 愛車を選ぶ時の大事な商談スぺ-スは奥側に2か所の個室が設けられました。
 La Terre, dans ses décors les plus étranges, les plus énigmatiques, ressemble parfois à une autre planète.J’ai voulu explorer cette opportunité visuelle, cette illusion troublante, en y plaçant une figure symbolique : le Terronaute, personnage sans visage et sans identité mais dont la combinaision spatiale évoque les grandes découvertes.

..............................

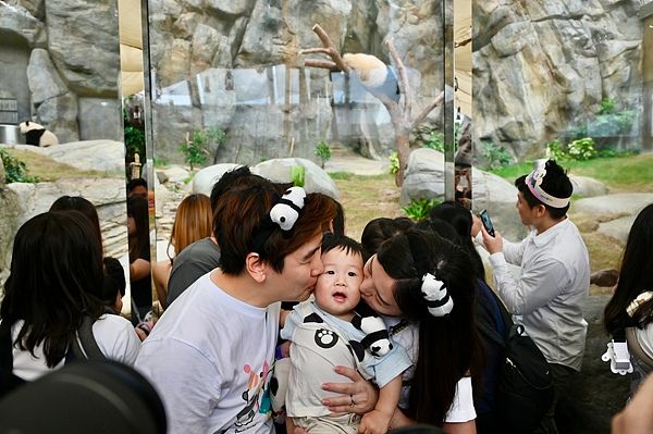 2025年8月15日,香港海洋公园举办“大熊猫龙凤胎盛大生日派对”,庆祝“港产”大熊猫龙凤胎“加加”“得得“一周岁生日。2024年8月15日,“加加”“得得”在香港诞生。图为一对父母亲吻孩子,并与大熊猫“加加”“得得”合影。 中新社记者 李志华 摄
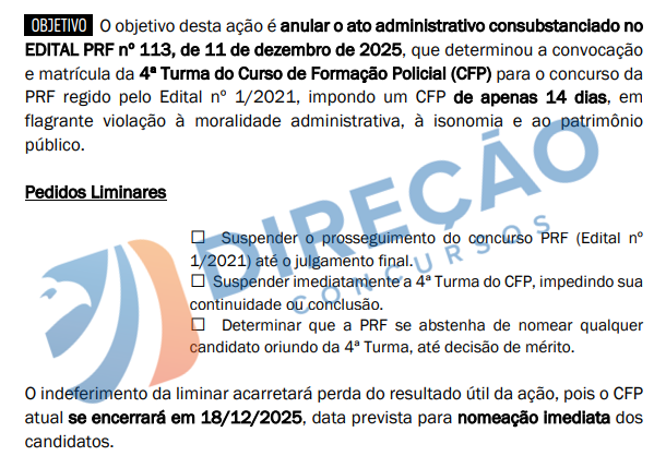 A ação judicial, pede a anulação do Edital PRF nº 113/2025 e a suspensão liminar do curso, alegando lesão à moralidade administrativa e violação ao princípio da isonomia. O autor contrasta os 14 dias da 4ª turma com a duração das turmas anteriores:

..............................

## Requirement
Exact copy, pictures excluded: every line above from the one containing "中新社记者 李志华 摄" to the one containing "A ação judicial, pede", inclusive, and nothing more.

## Task output
 2025年8月15日,香港海洋公园举办“大熊猫龙凤胎盛大生日派对”,庆祝“港产”大熊猫龙凤胎“加加”“得得“一周岁生日。2024年8月15日,“加加”“得得”在香港诞生。图为一对父母亲吻孩子,并与大熊猫“加加”“得得”合影。 中新社记者 李志华 摄
 A ação judicial, pede a anulação do Edital PRF nº 113/2025 e a suspensão liminar do curso, alegando lesão à moralidade administrativa e violação ao princípio da isonomia. O autor contrasta os 14 dias da 4ª turma com a duração das turmas anteriores:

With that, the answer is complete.